Racial discrimination is banned in Hawaii under the U.S. constitution and Title VII of the U.S. Code. Employers are prohibited according to theses laws from using race as a basis for hiring, recruitment, setting wage levels, or granting promotions.
What Must Be Proven in a Discrimination Claim?
The federal agency that is in charge of investigations of workplace discrimination is the Equal Employment Opportunity Commission (EEOC). Before taking matters to court, employees who have been discriminated against must file their claim with the EEOC. Race or nationality discrimination involves an employer treating you differently than those you work with that are of other races or nationalities.

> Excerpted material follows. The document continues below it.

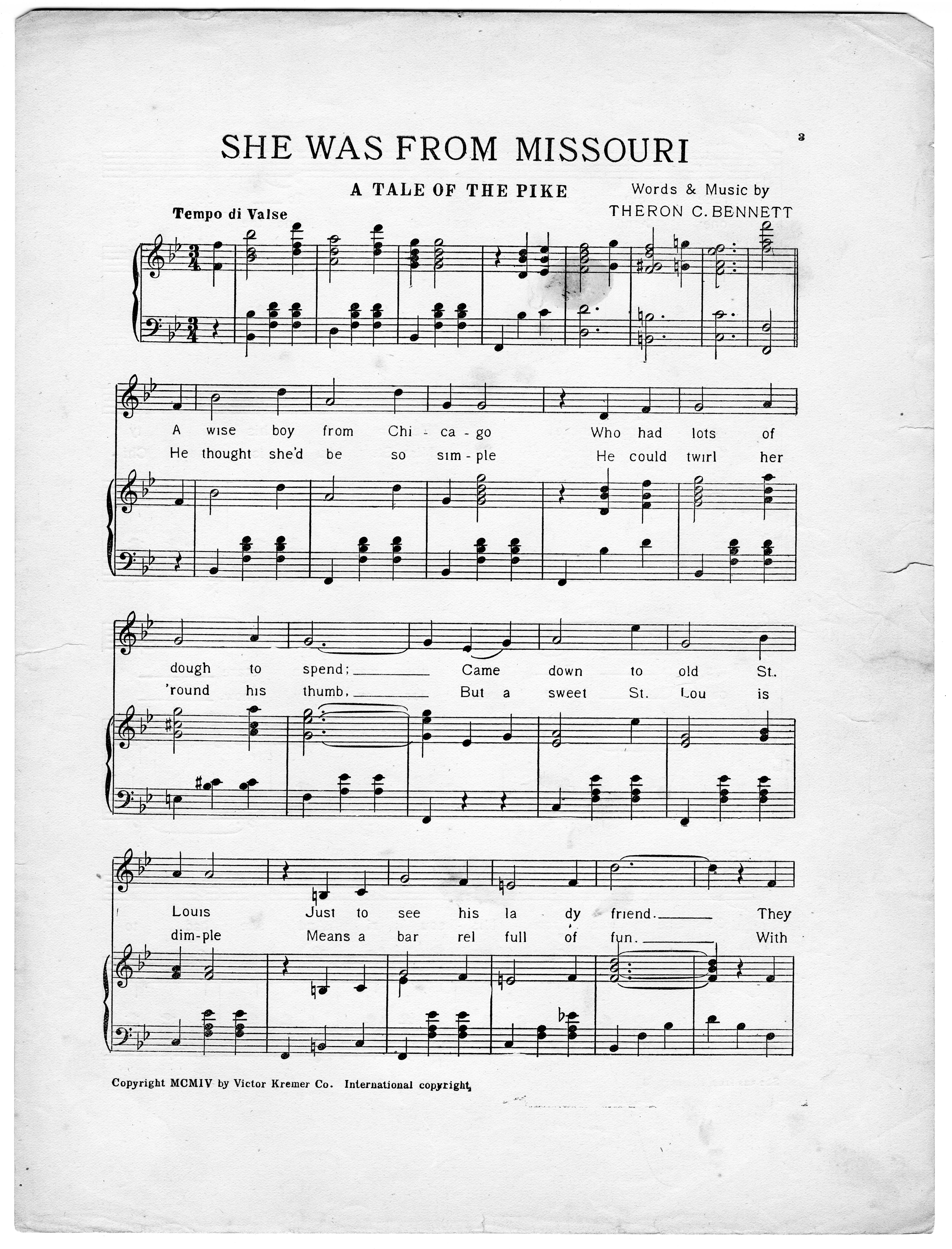 Bennett, Theron C., 1879-1937. 2000. “She Was from Missouri : a Tale of the Pike Words and Music by Theron C. Bennett”. Chicago, Ill. : Victor Kremer Co, Class, Race, and Sheet Music at the Louisiana Purchase Exposition, accessed March 5, 2026, https://digitalexhibits.library.wustl.edu/s/lpemusic/item/3585

To be able to prove a claim of racial discrimination, the Laie plaintiff additionally needs to show that the employer had an intent to discriminate, and that the discriminatory action was based on race. The required intent may be proven by evidence that the employer rendered preferential treatment to workers who are of a different race or nationality than the plaintiff.
How Can a Laie Lawyer Help with My Claim?
In some cases also, recorded statements made by the employer about racial issues can be used to show intent. Laws of procedure vary greatly in this area of law depending on where you file your claim, and local Laie lawyers will be familiarized with the requirements of your geographical region. A good Hawaii attorney will also be able to advise you should you decide to file with the EEOC, and they can guide you towards other potential remedies while your case is pending.